Antonin Scalia was quite simply a narrow-minded, mean-spirited man who propagated an intellectually absurd judicial theory known as "originalism." It allows reactionary jurists like himself to toss out decades of precedent and rewrite the Constitution according to their own whims. Think of Citizens United v. Federal Election Commission, Bush v. Gore, Shelby County v. Holder, District of Columbia v. Heller and many other cases in which Scalia not only provided a decisive fifth conservative vote but his philosophy offered a paper-thin rationale for what the Court was doing. There are few public figures I can think of in my lifetime who have done more harm to this country.
In Citizens United, Scalia and four other Republican-appointed justices overturned a century’s worth of precedent that established some restraints over corporate financing of political campaigns. In Citizens United court majority argued that the 1st amendment free speech rights of corporations were being violated. How would anyone know what the authors of the Constitution thought on this matter when the modern corporation did not even exist in 1787? Who knows but Scalia and company found a way to the decision they wanted to make.
In Heller, Scalia rearranged the 2nd Amendment to sideline the first 13 words, which speak of the need for “a well-regulated militia”, to place all the emphasis on the second part which speaks of the “right to bear arms.”
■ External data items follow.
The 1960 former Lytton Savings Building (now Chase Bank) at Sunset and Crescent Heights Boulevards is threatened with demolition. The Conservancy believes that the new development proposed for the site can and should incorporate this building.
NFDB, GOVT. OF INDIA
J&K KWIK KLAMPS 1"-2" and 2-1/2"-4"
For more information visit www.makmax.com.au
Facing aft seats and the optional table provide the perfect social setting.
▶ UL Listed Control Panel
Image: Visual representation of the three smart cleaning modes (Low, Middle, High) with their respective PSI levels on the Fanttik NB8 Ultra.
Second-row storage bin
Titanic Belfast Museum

"So much," one observer noted at the time, "for Scalia's much-vaunted 'originalism', which advocates reading the Constitution as it would have been understood at the time of the Founding."
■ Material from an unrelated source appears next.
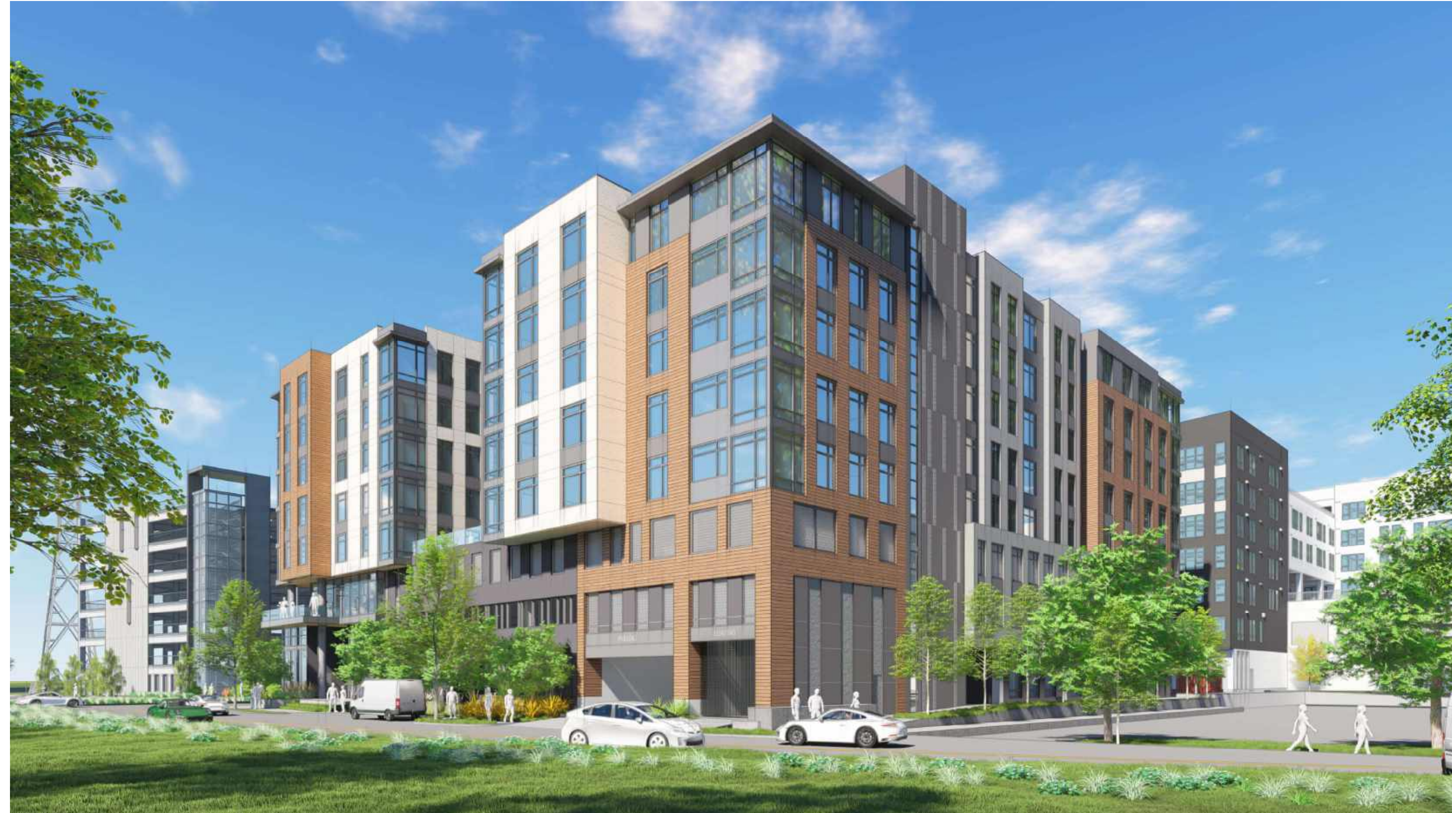
VIEW FROM INDEPENDENCE DRIVE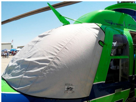
Bell 407 Windshield Cover

Travel Covers are made with Silver Solution-Dyed Polyester fabric and fully lined over the entire cover. The material is lightweight and more compact for easy storage in the aircraft. The polyester material is water resistant, but only intended for occasional use outside. We also have an ultra lightweight material available for fitted hangar dust covers. For daily outdoor use, the non-travel Sunbrella Cover is the best choice.

That Scalia's originalism has migrated from the fringes of judicial theory to the center is a telling sign of how far this country has moved to the right in the past 30 years. The sooner we understand Scalia’s legacy, the more quickly we can begin to undo it and return to an understanding of the Constitution not as an Old Testament tablet etched in stone with one meaning for all time but as a document that enunciates broad principles to be interpreted in the light of a dynamic and constantly evolving society.